In a truly vital (healthy) organizational system, the true purpose of the system is closely aligned with the values, beliefs, and motivators of its employees (agents), as well as with the purpose and values of other systems in the hierarchy. This alignment makes the organization an Employer of Choice for those individuals, and provides the behavioral attractor that allows differences inherent in a diverse employee population to result in aggregate behavior that is consistent with the common pursuit of that organizational purpose. The purposes of the individual agents working in an organization crucially depend on their personal values, beliefs, and motivations, their individual sense of identity. Their response to challenges and events are inevitably coloured with emotions and psychological response tied to that identity. When trust exists, there is "a safe space for creativity" that invites contribution from diverse agents, and to which those agents respond. When anxiety is contained, agents, although desiring relative stability, are open to changes and evolutionary ideas and willing to apply them in manners that are consistent with what they hold as meaningful and true. They are able to operate at "the edge of chaos" where they are trusted to evaluate new information and to make choices in how to apply knowledge and resources under the guidance of commonly held purpose and limits. This is Vitality in the GDI model, where creative behavior can result in innovation that improves the fitness of the system. In the absence of trust, anxiety runs rampant, and agents either withdraw into safe, conformist behavior, or spin off into factional activity that is directed solely to their own self-interest.
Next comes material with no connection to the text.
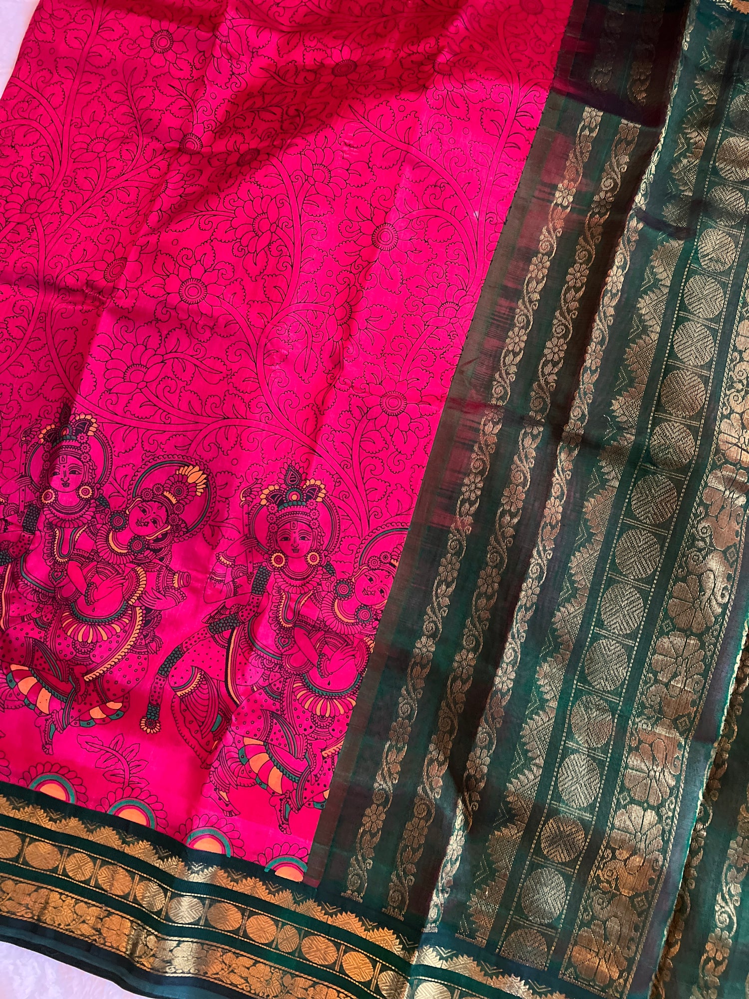 Fusia Pink/bottle green SECO Kanjeevaram pure Silk cotton Handloom Saree With Stitched Blouse is backordered and will ship as soon as it is back in stock.

Both of these trajectories lead to system death.
Diversity then is essential to effectively extricate value from the nonlinear nature of embedded systems of the business environment. Ideally the business will possess a heterogeneous population of employees and other stakeholders who are both competitive in order to generate multiplier effects, and cooperative, in order to recycle resources. The heterogeneity of these agents must provide constructive linkages to the spectrum of related embedded stakeholder systems, from the most local to the most global, if the business expects to have access to the information and alliances that allow it to be truly competitive within its own fitness landscape.